* _GIVEN MATERIAL_:
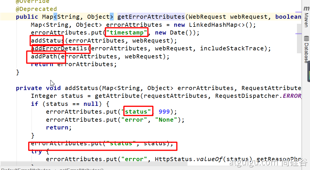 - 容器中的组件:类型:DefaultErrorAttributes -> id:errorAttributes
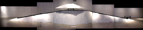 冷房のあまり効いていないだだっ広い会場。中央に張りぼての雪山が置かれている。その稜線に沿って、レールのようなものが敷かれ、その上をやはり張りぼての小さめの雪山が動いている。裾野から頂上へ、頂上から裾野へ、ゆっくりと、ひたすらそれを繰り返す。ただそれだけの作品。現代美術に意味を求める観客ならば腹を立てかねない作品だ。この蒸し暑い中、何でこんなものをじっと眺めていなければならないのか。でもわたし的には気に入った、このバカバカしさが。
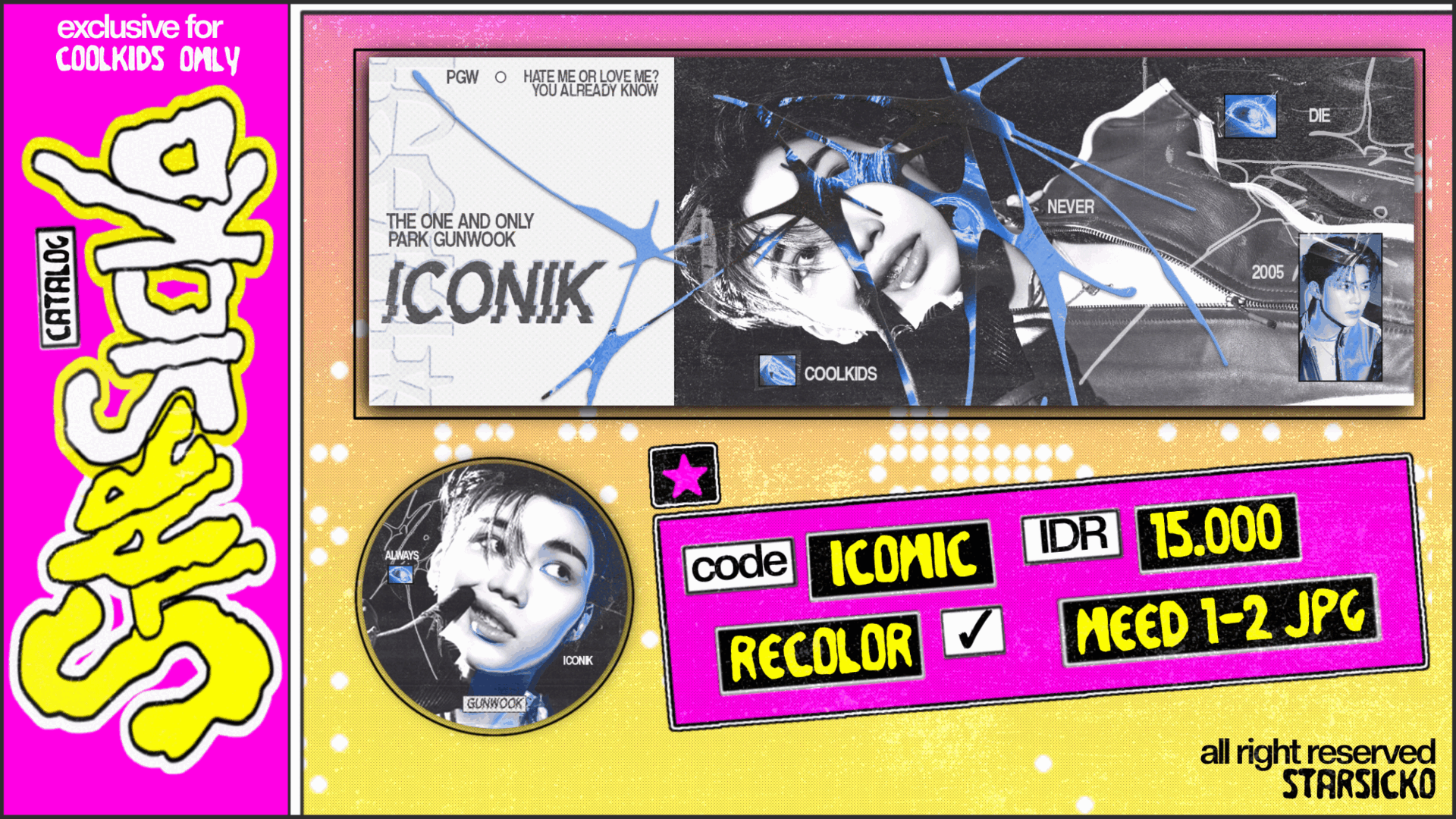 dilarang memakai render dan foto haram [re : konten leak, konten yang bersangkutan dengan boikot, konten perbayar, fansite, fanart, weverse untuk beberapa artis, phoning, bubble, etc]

* _WORK TO COMPLETE_: Transcribe all the material exactly; skip every image.

* _ANSWER BOX_:
 - 容器中的组件:类型:DefaultErrorAttributes -> id:errorAttributes
 冷房のあまり効いていないだだっ広い会場。中央に張りぼての雪山が置かれている。その稜線に沿って、レールのようなものが敷かれ、その上をやはり張りぼての小さめの雪山が動いている。裾野から頂上へ、頂上から裾野へ、ゆっくりと、ひたすらそれを繰り返す。ただそれだけの作品。現代美術に意味を求める観客ならば腹を立てかねない作品だ。この蒸し暑い中、何でこんなものをじっと眺めていなければならないのか。でもわたし的には気に入った、このバカバカしさが。
 dilarang memakai render dan foto haram [re : konten leak, konten yang bersangkutan dengan boikot, konten perbayar, fansite, fanart, weverse untuk beberapa artis, phoning, bubble, etc]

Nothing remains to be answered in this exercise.